Is Oatmeal Good for Diabetes?

Yes! Oatmeal is good for you even if you have diabetes or prediabetes. Remember, there are no “good” or “bad” foods. Nutrition for reversing and preventing diabetes is largely about consuming the right portions and doing what I call – eating close to the earth.

But some folks have concerns about the glycemic effect (your body’s response to carbohydrates) of oatmeal on blood sugar. You may have heard other concerns related to glyphosate, digestion issues, and nutrient malabsorption. Depending on which source you listen to, it can be very complicated to sort through all of this information. In this post, I will try to clear up the myths, lay out the facts, and provide some healthy reasons to include oats into your diet.

Digesting Oatmeal and Nutrient Absorption

Cereal grains, including regular oats, have a natural compound called phytic acid. Phytic acid, or phytates, are known as anti-nutrients, meaning they bind to other nutrients (such as calcium, zinc, magnesium, and iron) and inhibit absorption during digestion. Phytates are formed during the maturation of many plant foods but they are predominantly found in grains, seeds, nuts, and legumes. Growing and harvesting practices can have an impact on the amount of phytic acid present in food when we eat them. In many underdeveloped countries, cereal grains are a major food component of daily life, making nutrient deficiency a public health concern. (2)

In most developed countries, nutrient deficiencies are not a concern, despite the presence of phytic acid. This is because most people eat a variety of foods in a variety of forms, making these nutrients available for absorption in the gut. That said, reducing the amount of phytic acid in your diet can have benefits – but it doesn’t mean you have to avoid oatmeal!

Sprouted oats have significantly less phytic acid than regular oats.(3) Soaking your oats for 12-24 hours can also effectively reduce the amount of phytic acid. There are many sources online for information on the soaking and sprouting process, but you may prefer just to buy sprouted oats. There are several different brands available for you to try – my favorite brand is One Degree.

Glycemic Effect

Studies show that eating oatmeal can have a positive effect on glucose control compared to a control meal. (1) This is largely due to the extra fiber (especially the B-glucan fiber) oats have to offer in a well balanced diet. You may have heard about the glycemic index which is a measure of how quickly foods can raise your blood sugar. Foods that are high in fiber generally have a lower glycemic index, making these foods better for preventing or reversing diabetes.

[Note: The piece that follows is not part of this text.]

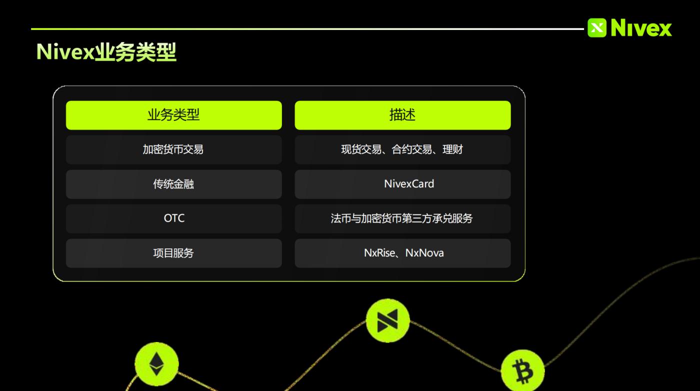 The launch of stock trading is not an isolated feature update, but a natural extension of Nivex's long-term development path. From a positioning perspective, since its inception, Nivex has not limited itself to a single cryptocurrency exchange, but has continuously built its product system around AI-driven, multi-asset trading, and a global compliance strategy. Currently, the platform covers:

Glyphosate is a herbicide used in conventional agriculture on a wide variety of crops, including oats, just before harvest to dry them out. In a recent article by the EWG, they found reduced levels of glyphosate in many non-organic brands of oats from their previous studies. (5) Like all pesticides, it is best to try to eliminate your exposure as much as you can. To achieve this, it is recommended to eat organic products as much as possible and look for packaging labels that say “glyphosate-free” which indicates that the products was grown without harmful pesticides. It should be noted that glyphosate has been found in organic oats due to wind-blown residue from nearby crops. However these levels are generally very minimal to virtually undetectable.

(Bushels of!) Oatmeal Benefits

  • High in Fiber – Oats are high in fiber, specifically B-glucan which is a soluble and fermentable fiber that can help with making you feel full longer. The Academy of Nutrition and Dietetics (AND) recommends at least 25 grams of fiber per day. Studies show that foods high in fiber are good for preventing incidents of diabetes, aids in weight loss, and reduces the risk of cardiovascular disease.
  • Improves insulin sensitivity – Studies show that the B-glucan in oatmeal improves glucose intolerance and insulin sensitivity (1). Why is this good for reversing and preventing diabetes? The more responsive your cells are to insulin, the lower your blood sugar will be! 
  • Easy Meal Prep – Oats are a great food to meal prep! One of the best ways to stay on track with any health goal is to plan, plan, plan. Overnight oats are a great way to plan ahead for a nutritious and satisfying breakfast (or any meal!). I’ve tried this recipe many times with fantastic results!

Final Thoughts

Oats are a good source of fiber, especially b-glucan, vitamins, minerals, and protein. As part of a balanced diet, oats can help decrease overall blood sugar, aid in weight loss, and decrease cholesterol levels. (4) Organic oats are a good choice to reduce exposure to harmful chemicals and support sustainable farming practices. At the end of the day, I recommend you start your day with a nutritious bowl of oats (no added sugar!!) and reap the benefits of this wonderful grain!